ROM Il termine rom o più propriamente rrom puó essere inteso in due modi diversi. In senso generale si riferisce all'insieme di un popolo originario dell'India del Nord (media valle del Gange, oggi Uttar Pradesh) che ha lasciato l'India all'inizio dell'XI secolo per giungere in Asia Minore alla fine dello stesso secolo. All'interno di questo popolo gli studiosi hanno distinto tre rami:
  • i Rrom propriamente detti, (che costituiscono più dell'80% di questo popolo in generale) e si definiscono essi stessi Rrom, parlano la lingua rrom, diffusa soprattutto nell'Europa dell'Est e in America;

  • i Kalé o Gitani, (un po' più del 10%), che hanno perduto l'uso della lingua rrom, si definiscono Kalé e vivono soprattutto in Spagna e in Sud America

  • i Sinté (o Sinti), tra i quali si possono distinguere i Sinté piemontesi e lombardi, la cui lingua é largamente influenzata dall'italiano e dal piemontese, e i Sinté del Nord, la cui lingua è influenzata dal tedesco e dall'alsaziano.
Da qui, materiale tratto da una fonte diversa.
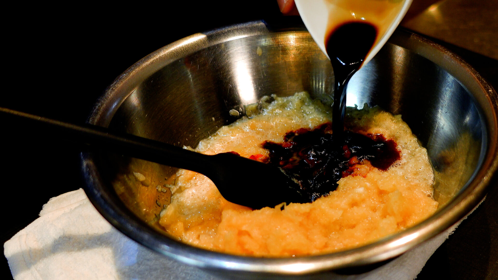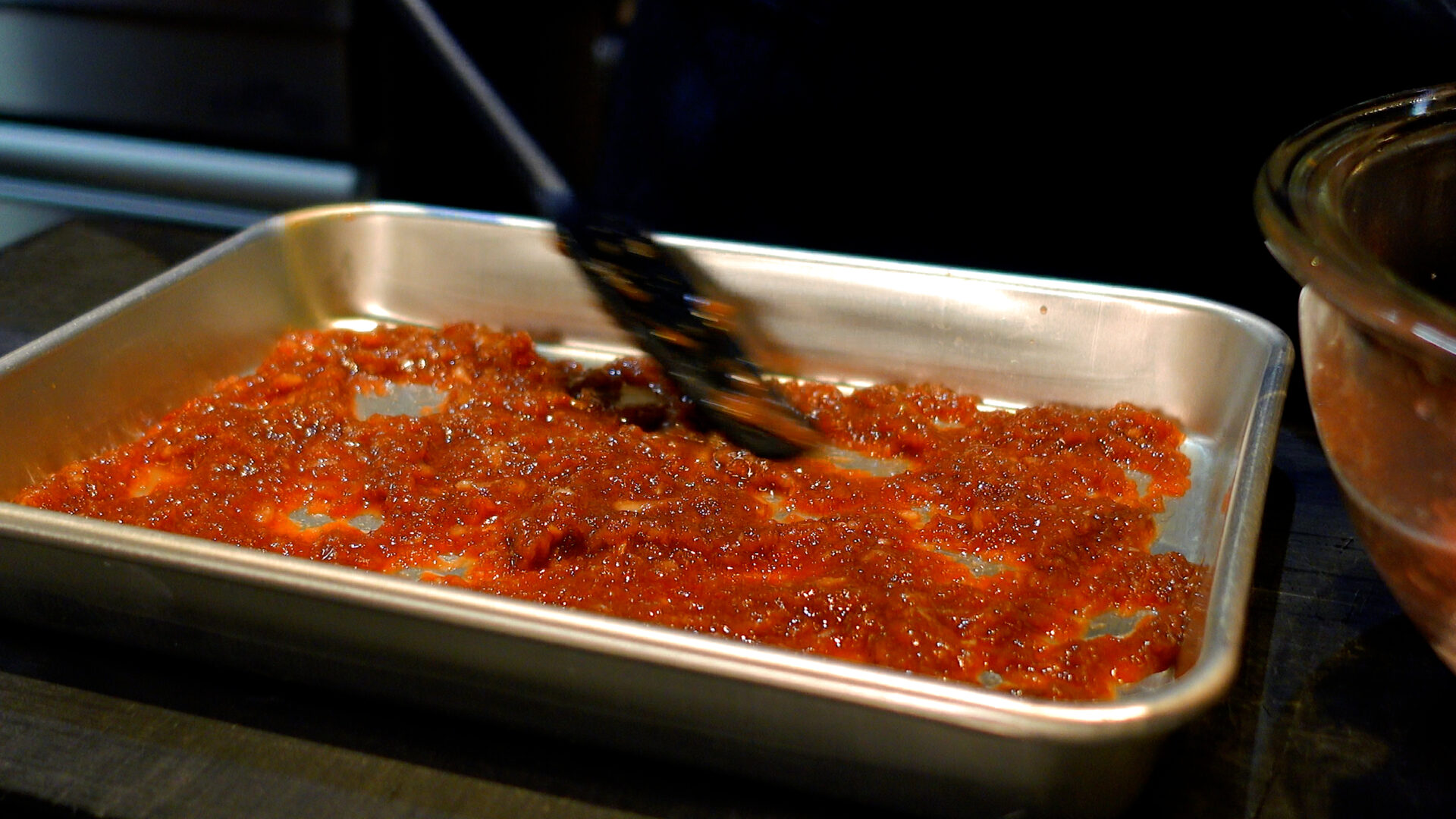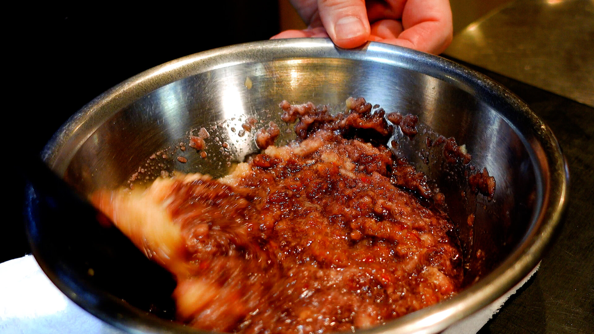 ◆コチュジャン 大さじ2、豆板醤 大さじ1、醤油 大さじ1、はちみつ 大さじ1/2、おろしにんにく 1片分、おろし生姜 1かけ分、粗熱をとっておいた赤ワインを加え混ぜ合わせる。

Essi si definiscono Sinté ma sono chiamati Manouches dai francesi.

    Si stima che nel mondo ci siano tra i 12 e i 15 milioni di Rrom, tuttavia il numero ufficiale è incerto in molti paesi, anche perché molti di loro rifiutano di farsi registrare come appartenenti all’etnia Rrom per paura di discriminazioni.
    In Italia si stima che siano circa 120 mila, di cui 80% di cittadinanza italiana (45.000 Rom e 35.000 Sinti) di antico insediamento, il restante 20% (ca 24.000), è costituito da rom provenienti dai paesi dell´Est Europa.
    Ulteriori divisioni vengono spesso fatte sulla base del territorio di cui sono stanziati, della cultura e del dialetto. Accanto quindi ai Rrom propriamente detti, ai Sintè, ai Kalè, si parla di Căldărari (o anche Kotlar(i) o Kalderash) originari dei Balcani e migrati anche in Nord America e Europa Centrale, tradizionalmente dediti al mestiere del ramaio; Romnichal (anche Romanichal o Rom'nies) principalmente in Britannia and Nord America; Erlides (anche Yerlii o Arli) stanziati nel sudest europeo e in Turchia.
    Si ritiene che il termine rrom provenga dal sanscrito Dxomba che designava gli artisti nell'India antica, in particolare indicava cantanti, ballerini, attori e percussionisti, che trasmettevano al popolo la saggezza indiana in un linguaggio più accessibile del sanscrito.
    Sotto le occupazioni moghol e soprattutto britannica la parola ha preso un senso peggiorativo che non aveva nell'India antica. Oggi rrom significa uomo sposato nei dialetti dei Rrom, dei Sinté e dei Kalé e designa l'etnia stessa solamente presso i Rrom propriamente detti.

    In diverse lingue sono stati dati ai Rrom dei nomi erronei, ad esempio in italiano zingari e gitani, in inglese gipsy, in spagnolo e in catalano gitanos, in portoghese cigano, in tedesco Zigeuner.


    In Italia è diffusa l'idea erronea che il termine rrom sia un'abbreviazione di romeno, ma tra Rrom e Romeni non c'è alcuna identità.
    Per questa ragione l'ortografia con due "r", quella che è utilizzata nella lingua rrom per ragioni di pronuncia, è preferita all'ortografia con una sola "r".

    Movimento Politico
    Negli anni '30 un movimento politico rrom si è costituito soprattutto in Romania con lo scopo di azzerare il patrimonio culturale e linguistico rrom in vista di un'assimilazione totale al popolo romeno. Questo movimento si inspirava alle tesi fasciste dominanti all'epoca.
    Dopo la guerra si è costituito un altro movimento che è arrivato in occasione del primo congresso nel 1971 a Londra alla creazione dell'Unione Rrom Internazionale. Questo movimento mira al riconoscimento di un'identità e di un patrimonio culturale e linguistico nazionale senza stato né territorio, cioè presente in tutti i paesi europei. Questo movimento utilizza il termine rrom ad esclusione di tutti gli altri per designare l'insieme del popolo rrom, sforzandosi di promuovere la fraternità e la cooperazione tra tutti i suoi rami.